• _PROVIDED RECORDS_:
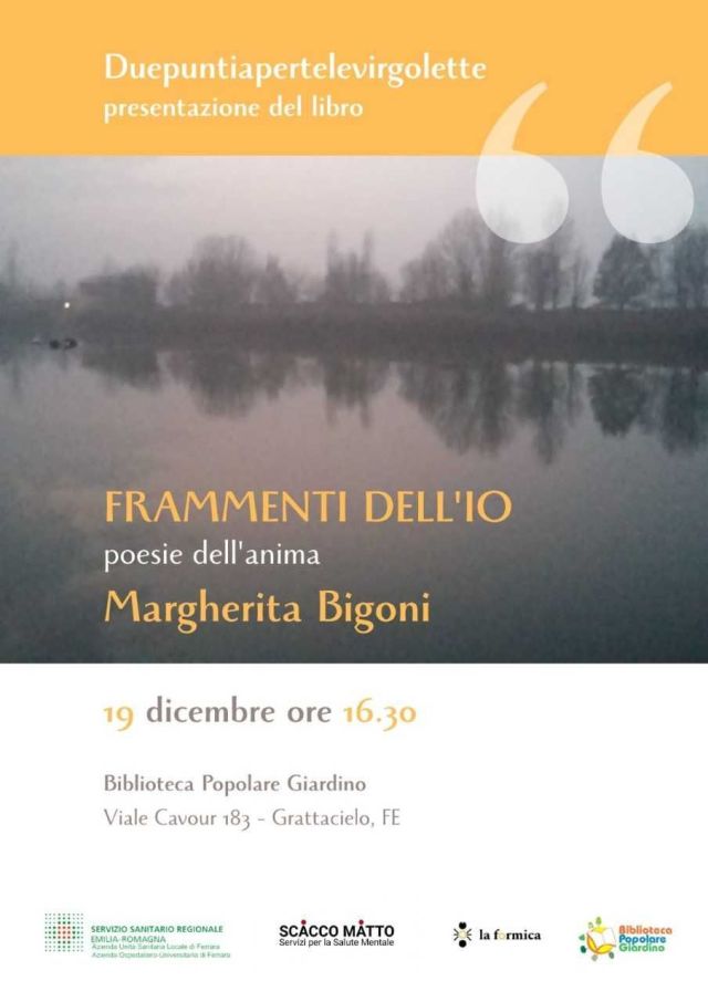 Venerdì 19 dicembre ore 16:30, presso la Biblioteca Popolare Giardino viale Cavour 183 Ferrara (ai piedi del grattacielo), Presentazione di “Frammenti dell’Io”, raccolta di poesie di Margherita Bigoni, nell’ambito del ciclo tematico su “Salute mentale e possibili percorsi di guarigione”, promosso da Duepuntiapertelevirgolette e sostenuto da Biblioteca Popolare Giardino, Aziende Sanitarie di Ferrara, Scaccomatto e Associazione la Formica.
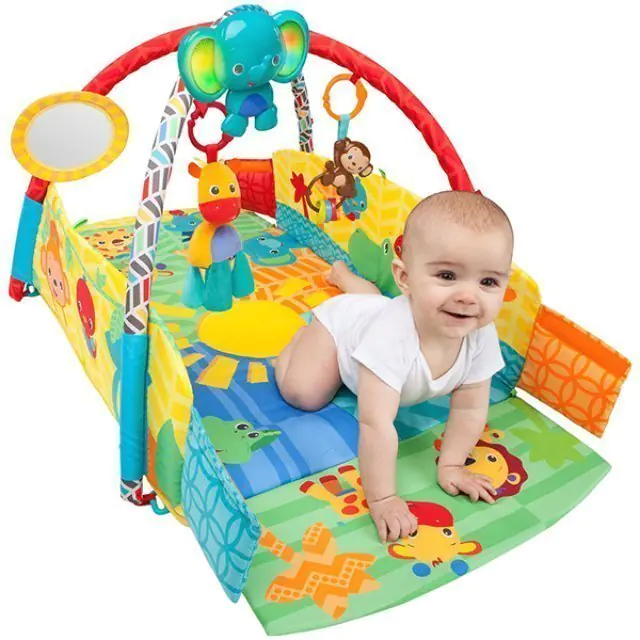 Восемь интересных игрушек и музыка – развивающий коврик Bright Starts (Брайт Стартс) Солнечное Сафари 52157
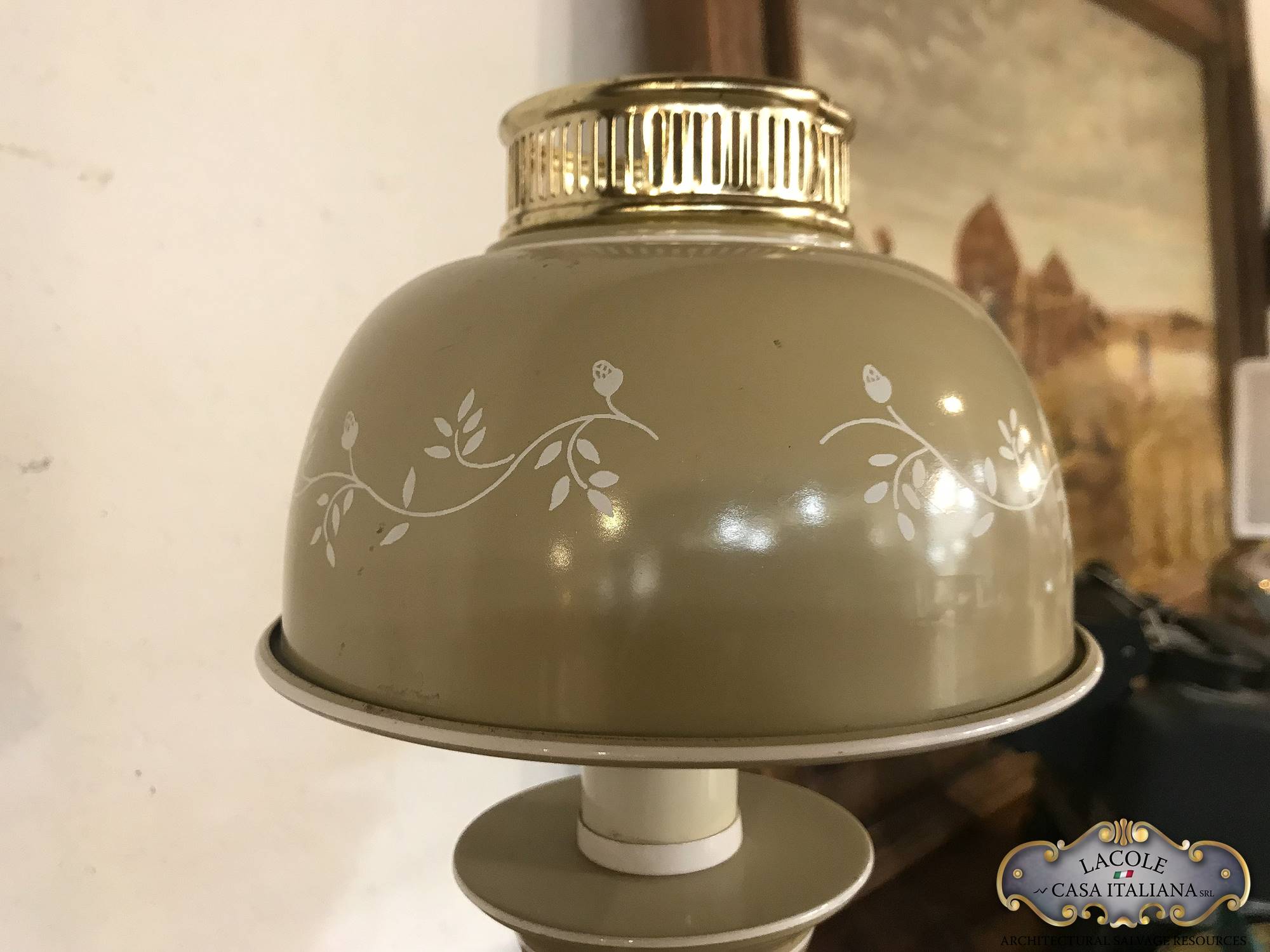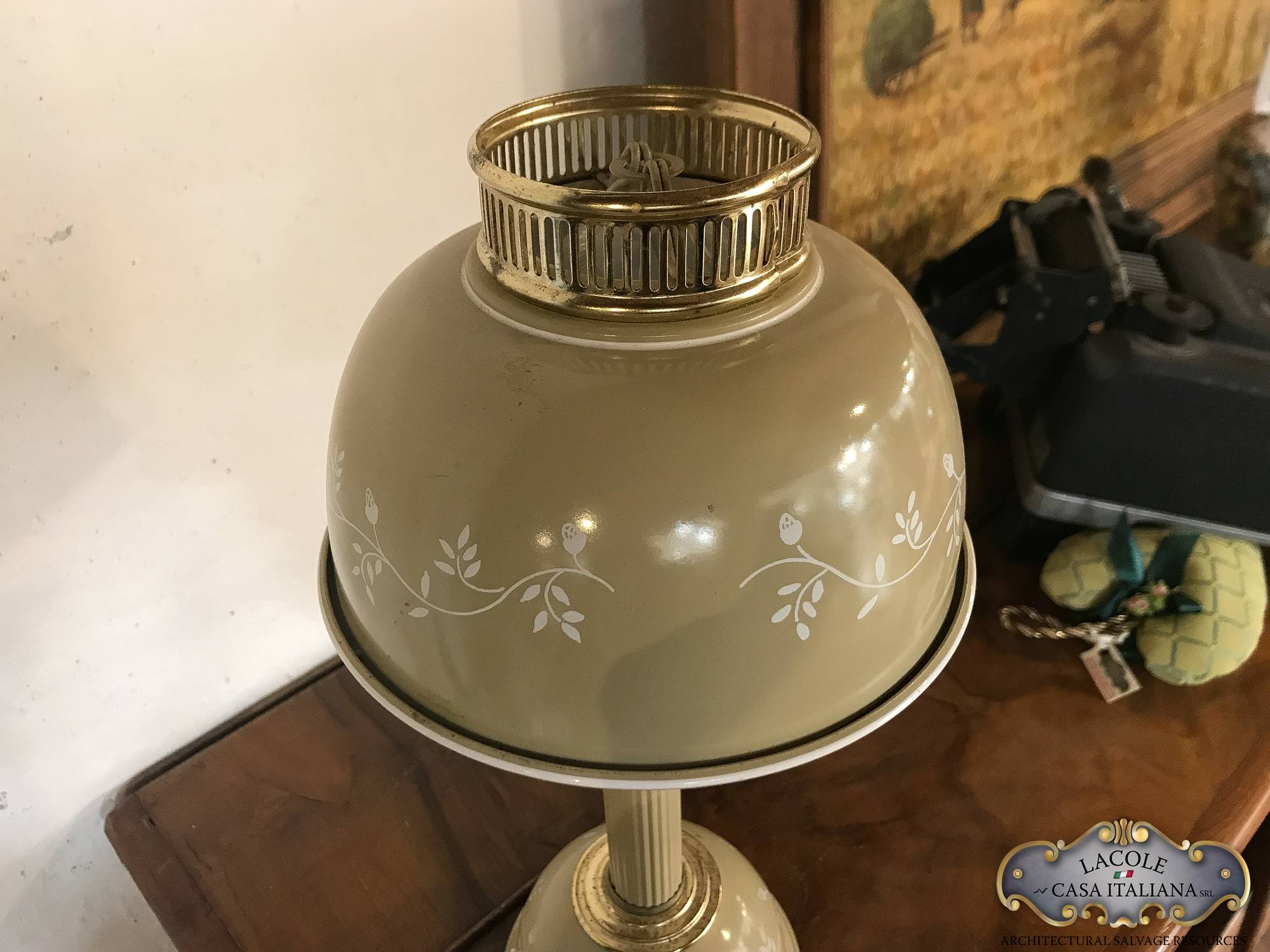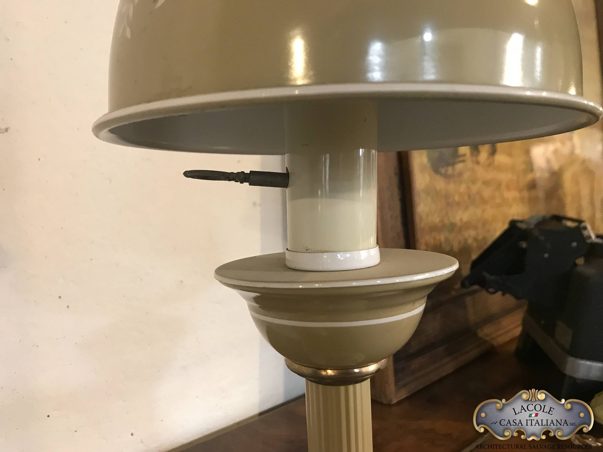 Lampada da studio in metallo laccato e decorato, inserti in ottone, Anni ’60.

==

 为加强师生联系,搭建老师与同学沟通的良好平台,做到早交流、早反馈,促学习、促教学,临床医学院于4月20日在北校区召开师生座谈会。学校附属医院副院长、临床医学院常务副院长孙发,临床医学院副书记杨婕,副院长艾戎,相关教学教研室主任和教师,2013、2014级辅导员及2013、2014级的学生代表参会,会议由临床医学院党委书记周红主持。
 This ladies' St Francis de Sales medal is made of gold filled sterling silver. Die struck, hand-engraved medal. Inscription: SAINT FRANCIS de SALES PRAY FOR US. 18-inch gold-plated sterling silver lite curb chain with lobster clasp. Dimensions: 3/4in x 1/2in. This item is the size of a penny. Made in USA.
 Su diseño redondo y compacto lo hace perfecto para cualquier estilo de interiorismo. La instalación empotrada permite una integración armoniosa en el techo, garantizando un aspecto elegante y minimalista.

--

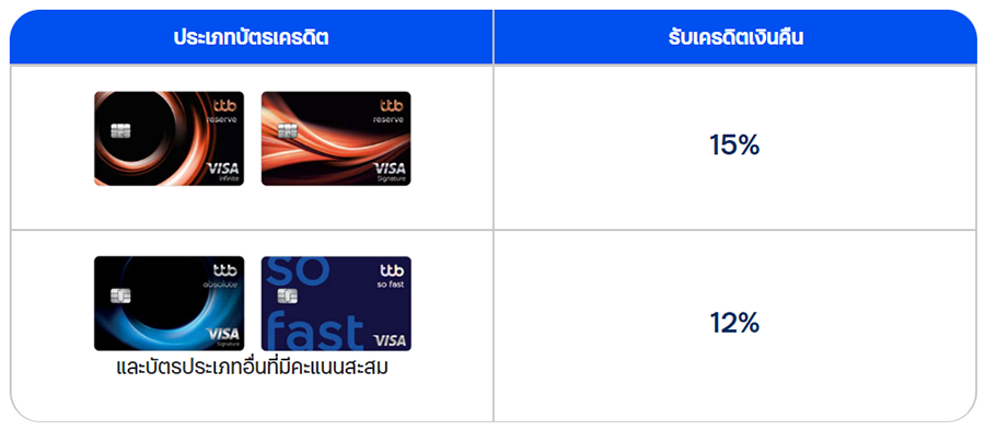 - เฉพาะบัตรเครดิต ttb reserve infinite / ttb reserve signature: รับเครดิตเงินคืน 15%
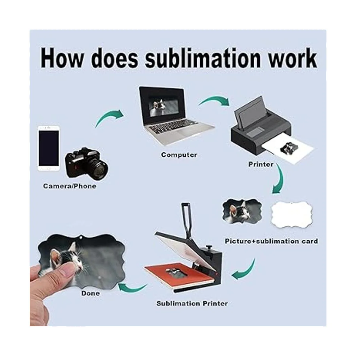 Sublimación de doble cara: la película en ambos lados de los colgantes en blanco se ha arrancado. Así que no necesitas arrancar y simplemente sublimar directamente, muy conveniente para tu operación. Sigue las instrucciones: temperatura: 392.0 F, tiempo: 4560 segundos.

• _PROBLEM TO SOLVE_: Go down the entries above from the line containing "Восемь интересных игрушек" to the line containing "Lampada da studio" and write out each line exactly, leaving pictures out.

• _EXERCISE RESULT_:
 Восемь интересных игрушек и музыка – развивающий коврик Bright Starts (Брайт Стартс) Солнечное Сафари 52157
 Lampada da studio in metallo laccato e decorato, inserti in ottone, Anni ’60.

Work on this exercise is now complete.